━━━━━ RECORDS ━━━━━
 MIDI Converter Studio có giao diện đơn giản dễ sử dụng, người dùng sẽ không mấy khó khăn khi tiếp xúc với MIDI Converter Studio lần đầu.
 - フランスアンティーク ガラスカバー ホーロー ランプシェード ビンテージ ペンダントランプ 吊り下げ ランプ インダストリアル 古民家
━━━━━
━━━━━ RECORDS ━━━━━
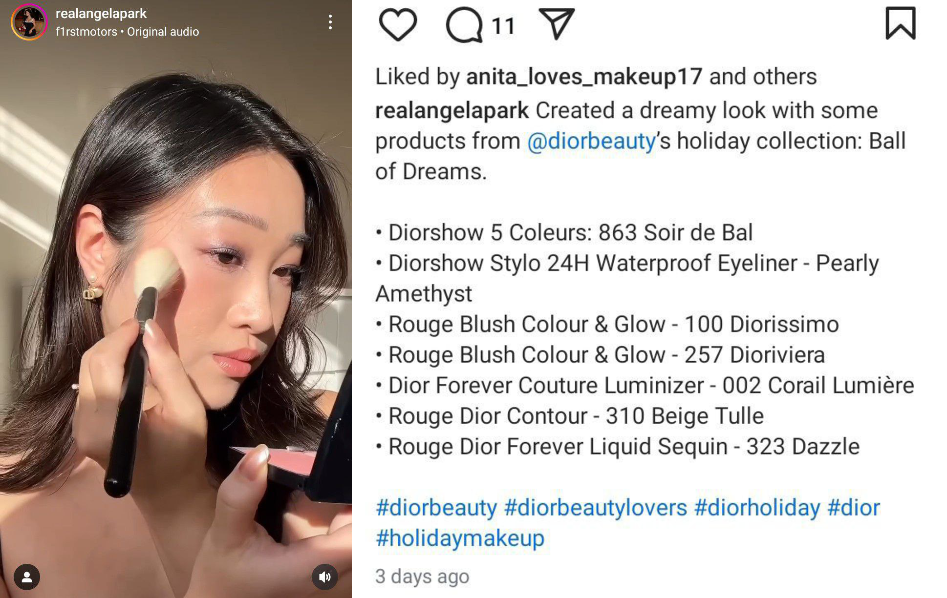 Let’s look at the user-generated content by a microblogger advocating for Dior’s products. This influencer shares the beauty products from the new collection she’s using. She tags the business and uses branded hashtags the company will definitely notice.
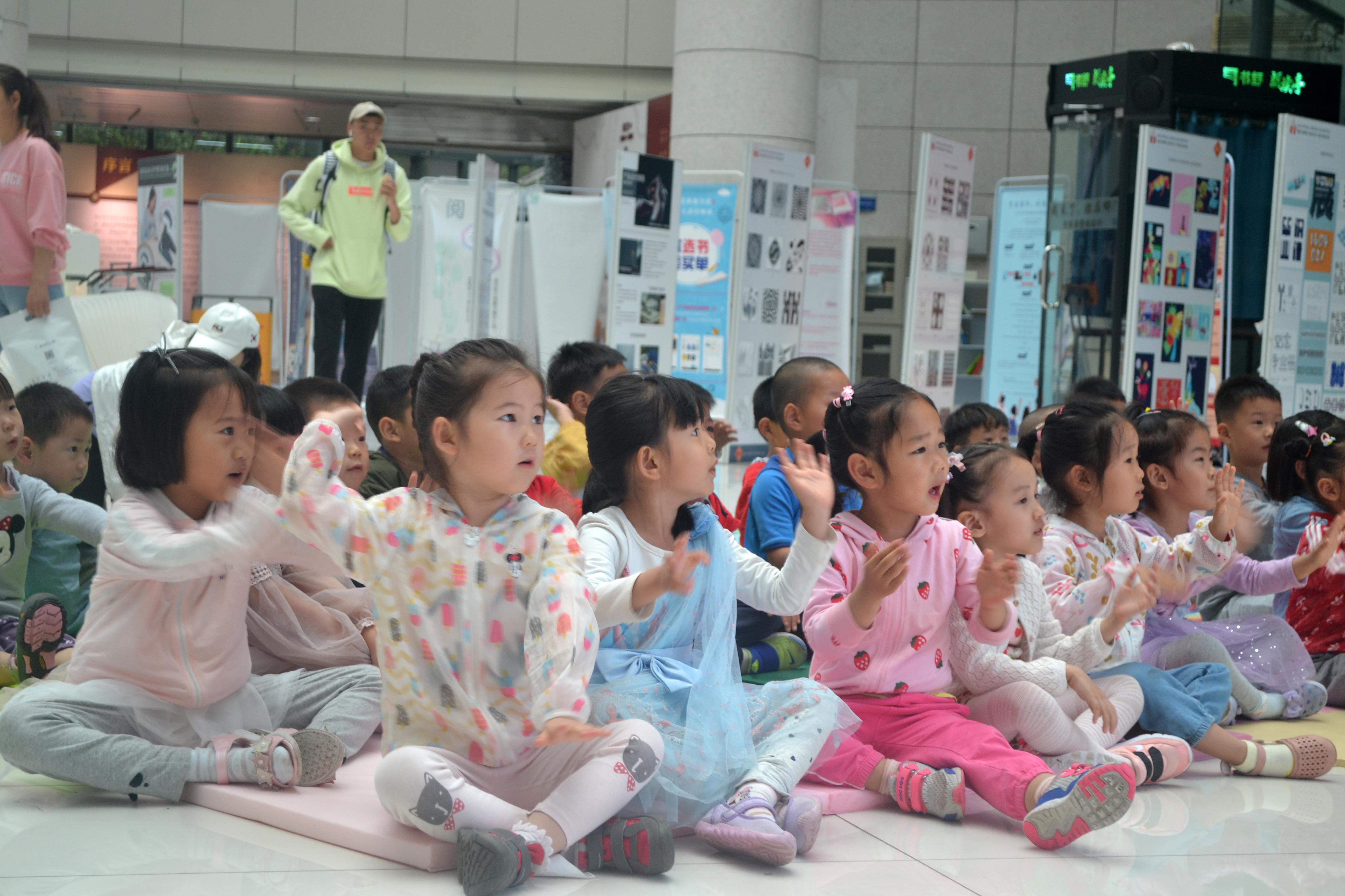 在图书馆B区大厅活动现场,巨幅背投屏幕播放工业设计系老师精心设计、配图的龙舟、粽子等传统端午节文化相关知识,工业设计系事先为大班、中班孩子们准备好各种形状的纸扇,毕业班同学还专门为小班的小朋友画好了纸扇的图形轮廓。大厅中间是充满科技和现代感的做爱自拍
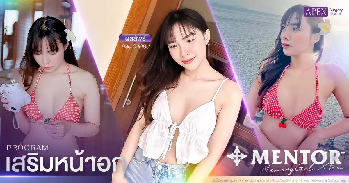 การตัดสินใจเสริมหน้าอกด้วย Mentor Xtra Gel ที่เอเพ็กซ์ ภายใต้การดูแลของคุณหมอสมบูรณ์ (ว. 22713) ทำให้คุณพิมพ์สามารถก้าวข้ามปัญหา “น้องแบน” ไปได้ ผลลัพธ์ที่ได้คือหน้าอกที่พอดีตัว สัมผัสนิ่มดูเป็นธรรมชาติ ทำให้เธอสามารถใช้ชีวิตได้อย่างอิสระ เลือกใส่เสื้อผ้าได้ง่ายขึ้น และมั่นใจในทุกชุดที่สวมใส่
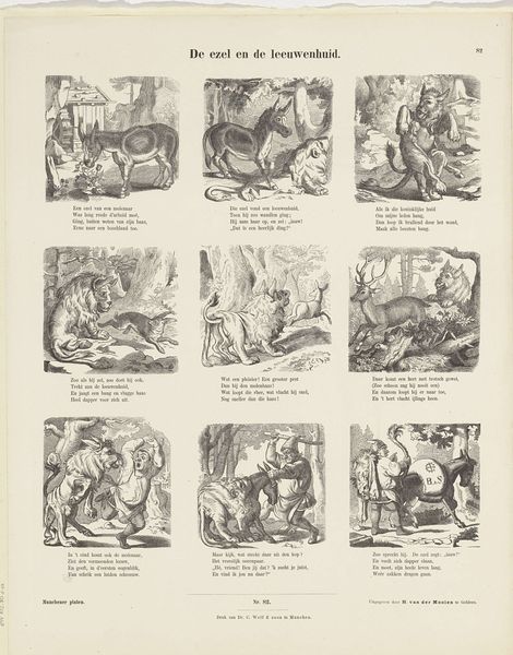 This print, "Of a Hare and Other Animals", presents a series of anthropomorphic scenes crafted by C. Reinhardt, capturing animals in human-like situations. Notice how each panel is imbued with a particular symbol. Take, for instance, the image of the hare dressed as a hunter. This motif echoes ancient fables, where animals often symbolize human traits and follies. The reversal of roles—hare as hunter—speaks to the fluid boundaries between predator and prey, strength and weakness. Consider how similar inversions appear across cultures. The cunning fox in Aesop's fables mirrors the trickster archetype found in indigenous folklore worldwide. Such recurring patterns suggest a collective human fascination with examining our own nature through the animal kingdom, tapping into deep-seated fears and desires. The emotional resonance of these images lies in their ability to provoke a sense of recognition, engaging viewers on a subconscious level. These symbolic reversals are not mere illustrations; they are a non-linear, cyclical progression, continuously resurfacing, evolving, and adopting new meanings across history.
━━━━━
● **WHAT TO DO**
Could you reproduce exactly the lines of the entries above, from the one with "MIDI Converter Studio có" through the one with "- フランスアンティーク ガラスカバー", and nothing else?

● **REPLY TO THE TASK**
 MIDI Converter Studio có giao diện đơn giản dễ sử dụng, người dùng sẽ không mấy khó khăn khi tiếp xúc với MIDI Converter Studio lần đầu.
 - フランスアンティーク ガラスカバー ホーロー ランプシェード ビンテージ ペンダントランプ 吊り下げ ランプ インダストリアル 古民家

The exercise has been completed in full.